Lynn Large, director of food service at the Marshalltown School District, said always make sure cold foods stay cold and hot foods stay hot.

“Make a meat thermometer your friend,” Large said. “People will cut into meat and see if it’s done, or feel firmness to determine doneness, but that is not always the best way to do it. You’ll get an accurate measure of temperature if you use a meat thermometer, and make sure to measure the temperature in the thickest part of the meat.”

When you don’t have access to a fridge or oven, limit the amount of time the food remains out. Utilize coolers and insulated bags. Potato salad shouldn’t be allowed to reach temperatures exceeding 75 degrees.

While hand sanitizer is convenient, Large said it is best to wash hands with soap and water. Hand sanitizers are not effective protection against norovirus, which is the leading cause of gastroenteritis in the U.S.

Grisel Chavez, who serves as family nutrition program assistant for ISU Extension and Outreach for Marshall County, said it’s also important to make sure your refrigerator is running properly, especially this time of year.

“Keep it set between 32 and 40 degrees to keep the food from freezing or going bad,” Chavez said.

If you’re planning a picnic or cookout, keep these food safety tips, provided by the Centers for Disease Control and Prevention, in mind:

• When shopping, pick up meat, poultry and seafood last, right before checkout.

• Keep meat, poultry and seafood refrigerated until ready to grill. When transporting, keep below 40 degrees in an insulated cooler.

• Throw out marinades and sauces that have touched raw meat juices, which can spread germs to cooked foods.

• When smoking, keep temperatures inside the smoker at 225 degrees to 300 degrees to keep meat a safe temperature while it cooks. 145 degrees – whole cuts of beef, pork, lamb, and veal (stand-time of 3 minutes at this temperature); 145 degrees – fish; 160 degrees – hamburgers and other ground beef; 165 degrees – all poultry and pre-cooked meats, like hot dogs.

• After grilling: 140 degrees or warmer – until it’s served.

• Leftovers should be reheated to at least 165 degrees before serving.

• Eating soft cheeses (especially those that are not pasteurized) can put you at risk of Listeria.

When putting away leftovers, divide them into small portions, covered in shallow containers.
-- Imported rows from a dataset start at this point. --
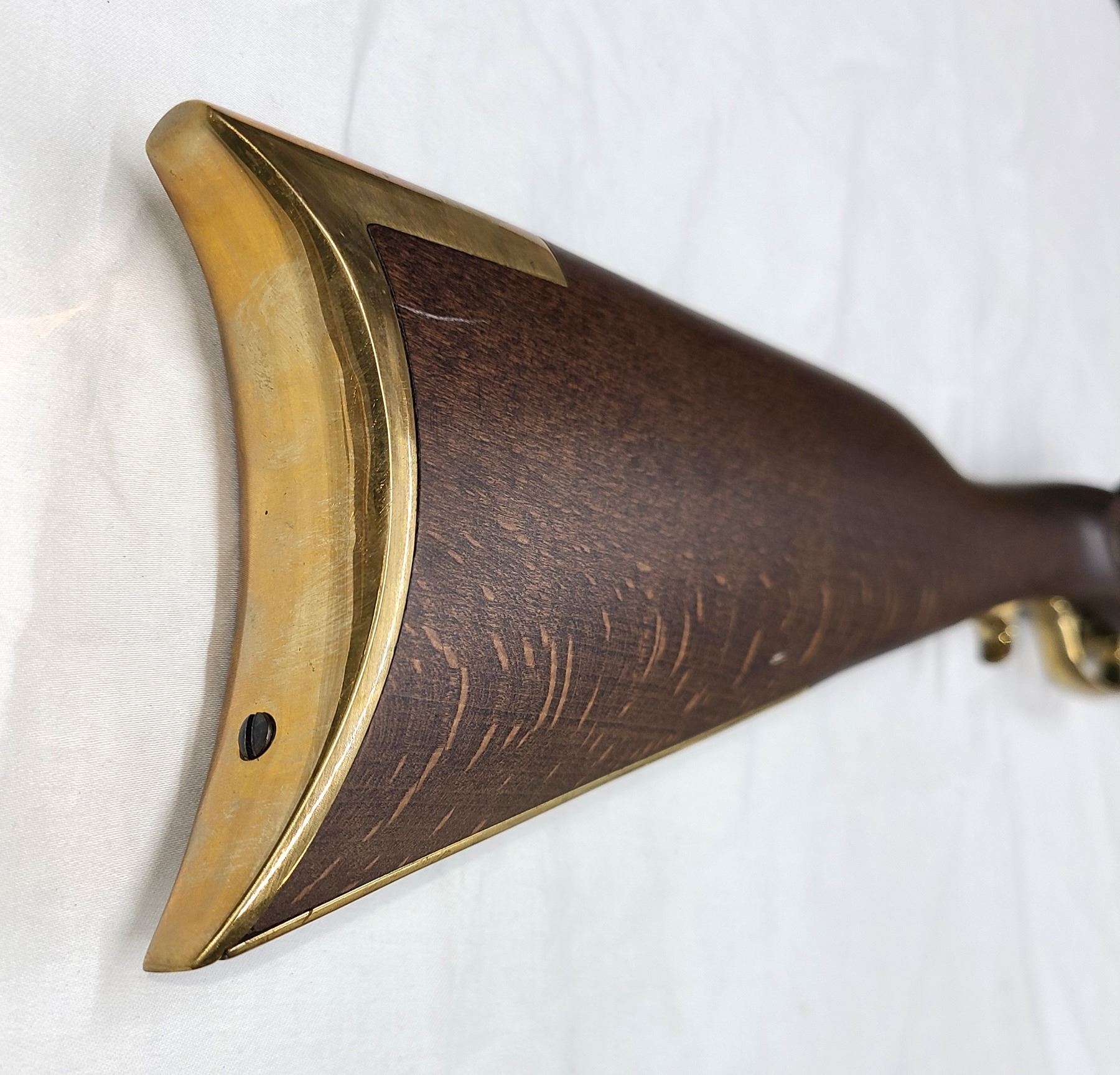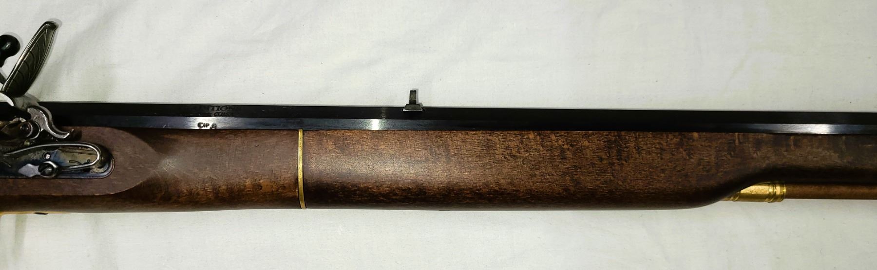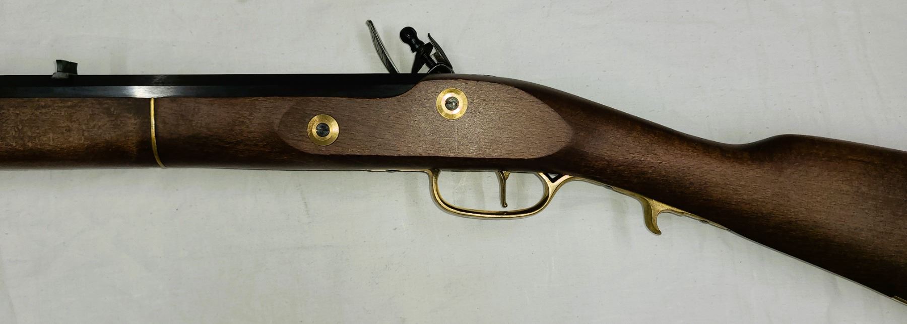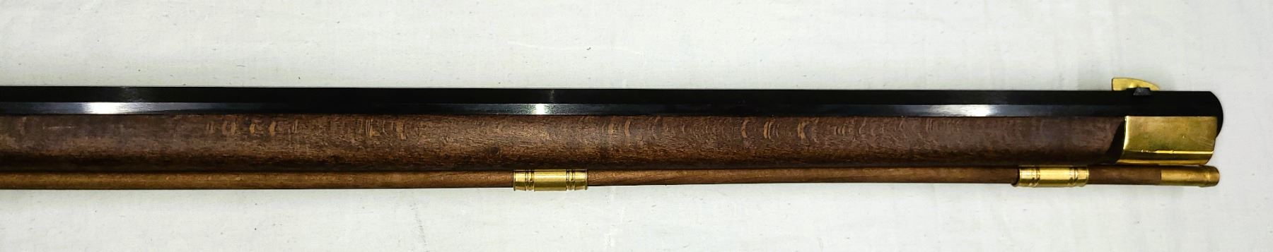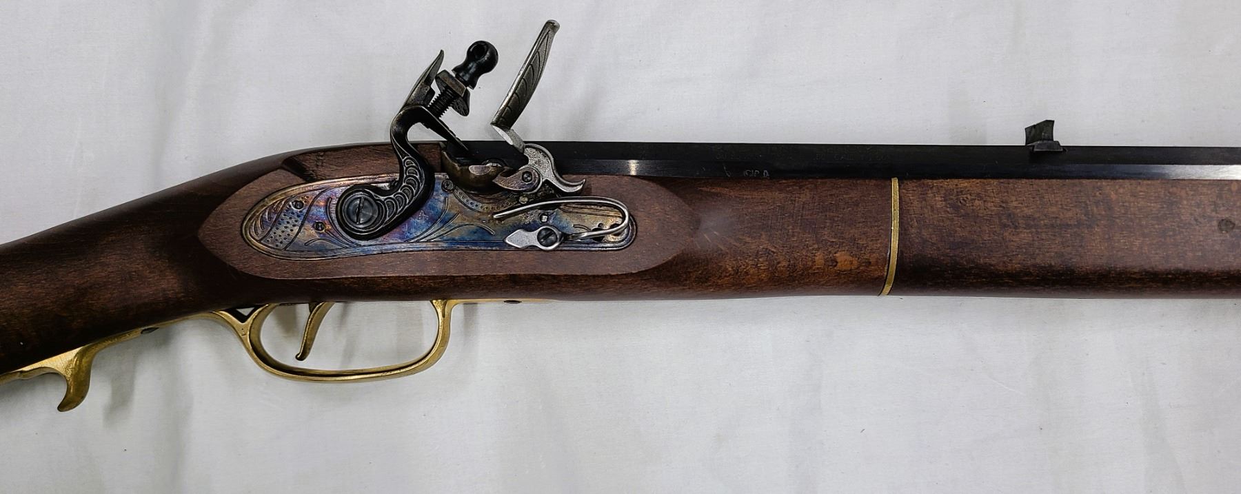 The 33.5 inch blued octagonal barrel has a flintlock ignition system and is rifled at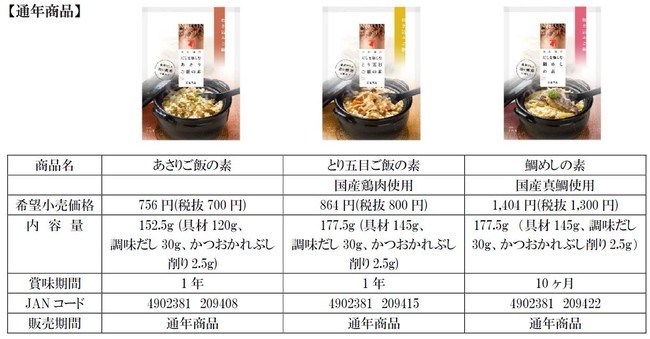 春季限定 「だしを愉しむ たけのこご飯の素」 3月1日(火)新発売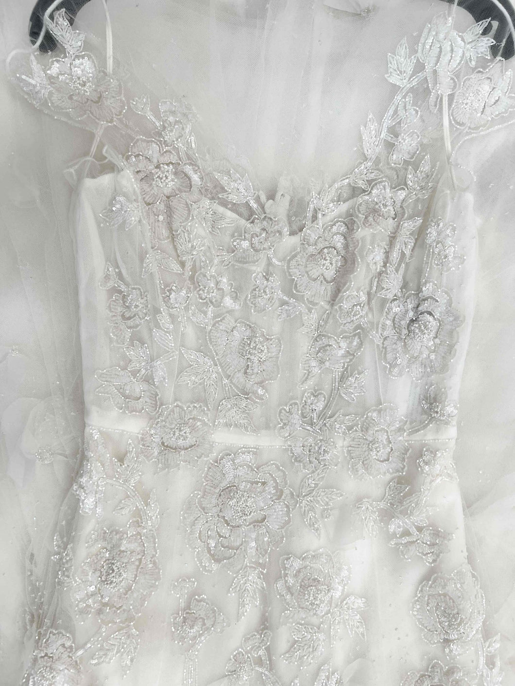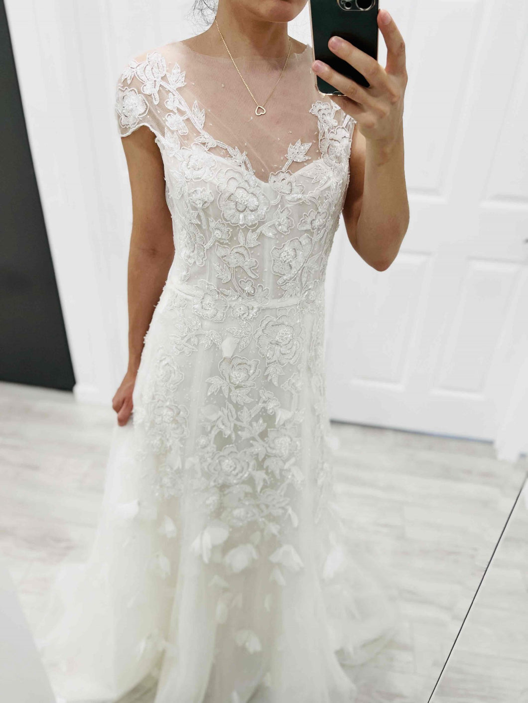 Indulge in luxury and grace with #style C2025-MS251 #wedding gown. With delicate short cap sleeves and a fitted silhouette, this gown exudes #elegance and sophistication. Inspired by the Selena by Marchesa, it features exquisite 3D embellishments that add depth and dimension to the #design. A perfect choice for the #modern #bride seeking a touch of opulence on her #special #weddingday.

If perishable foods have been left at room temperature for two hours or more, throw them away. Food sitting out at temperatures hotter than 90 degrees for more than an hour need to be thrown away.
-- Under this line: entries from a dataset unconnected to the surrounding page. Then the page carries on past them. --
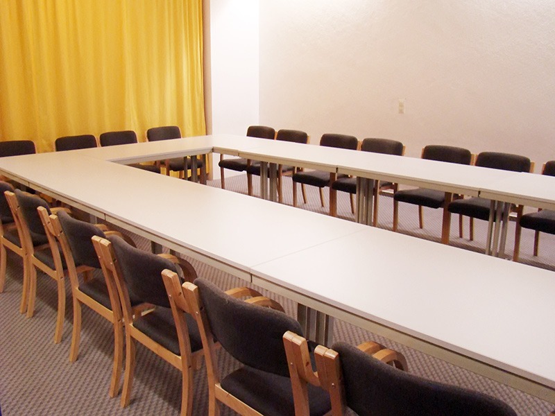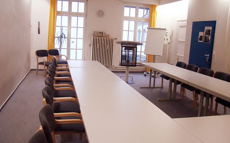 Er ist vollständig für solche Zwecke möbliert (Tische, Stühle, Flipchart, Foyer mit Teeküchenzeile und Toilette etc…).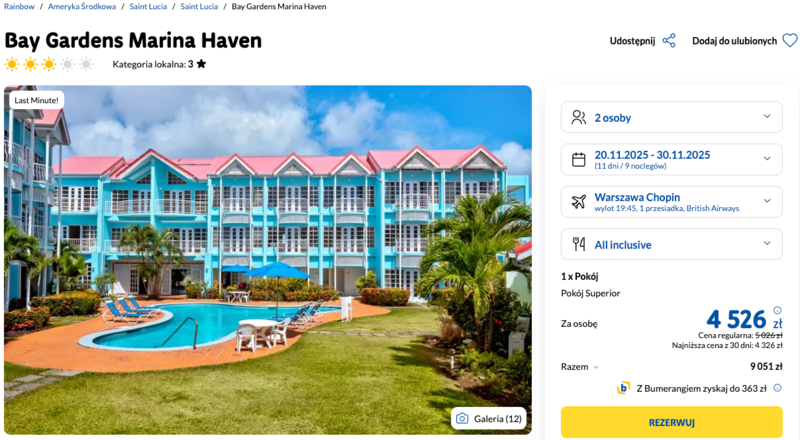 Cała oferta zbiera wiele pozytywnych opinii — atrakcyjna cena, wygodne warunki i bogaty program all inclusive to przepis na udany urlop. Taki wyjazd na Saint Lucię na długo zostaje w pamięci.
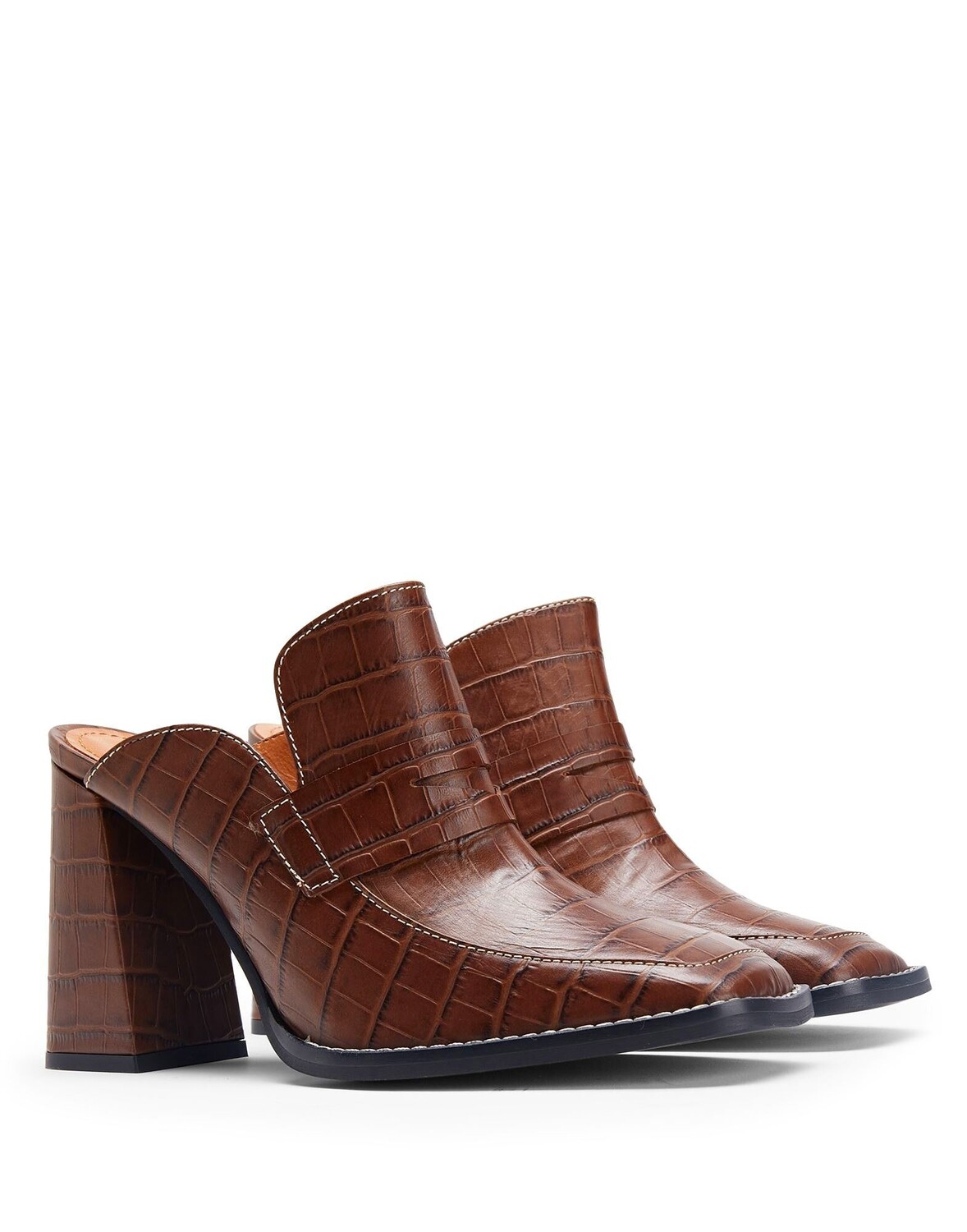 Кожа, крокодиловый принт, без аппликаций, одноцветное изделие, квадратный носок, квадратный каблук, обтянутый каблук, внутри кожа, резиновая подошва, содержит нетекстильные части животного происхождения

People at higher risk of food poisoning are those age 65 and older, children younger than age 5, people with weakened immune systems and pregnant women.

“I think people sometimes forget that fruits and vegetables are common carriers of foodborne illness, too. People associate it with mayonnaise, eggs and meat, but cut, fresh melon, tomatoes and leafy greens are also foods that are well known to have contamination in them, so it’s really important to keep those foods cold as well,” Large said.
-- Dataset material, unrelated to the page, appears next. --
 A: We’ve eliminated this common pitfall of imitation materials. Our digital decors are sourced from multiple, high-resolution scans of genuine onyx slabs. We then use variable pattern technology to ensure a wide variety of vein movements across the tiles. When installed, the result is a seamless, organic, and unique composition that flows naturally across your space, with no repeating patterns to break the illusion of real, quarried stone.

Chavez added that it’s always important to wash fruits and veggies in cold water before eating.

“Also wash your hands before and after washing them to avoid spreading bacteria,” she said.

According to the CDC, pregnant women are 10 times more likely to develop a Listeria (serious bacterial) infection, with pregnant Hispanic women 24 times more likely than other people to get a Listeria infection. This illness can lead to miscarriage, stillbirth or death of a newborn. The CDC estimates Listeria is the third leading cause of death from food poisoning in the United States. About 1,600 people get sick from Listeria each year, and about 260 die from it. The CDC said eating soft cheeses (especially those that are not pasteurized) can put you at risk. These include: queso fresco, queso blanco, queso blando, queso cotija, queso panela, queso ranchero and cuajada en terrón.

When serving desserts in an outdoor setting, consider those that have been pre-baked, such as pies, cookies, cakes and brownies, rather than ones with fresh fruit or cream-based filling or icing. Avoid serving dairy products, which can harbor bacteria when not kept between the 32-40 degrees point.

“After you’ve grilled your meat, maybe keep the grill warm and go back to it with marshmallows to make s’mores,” Large said.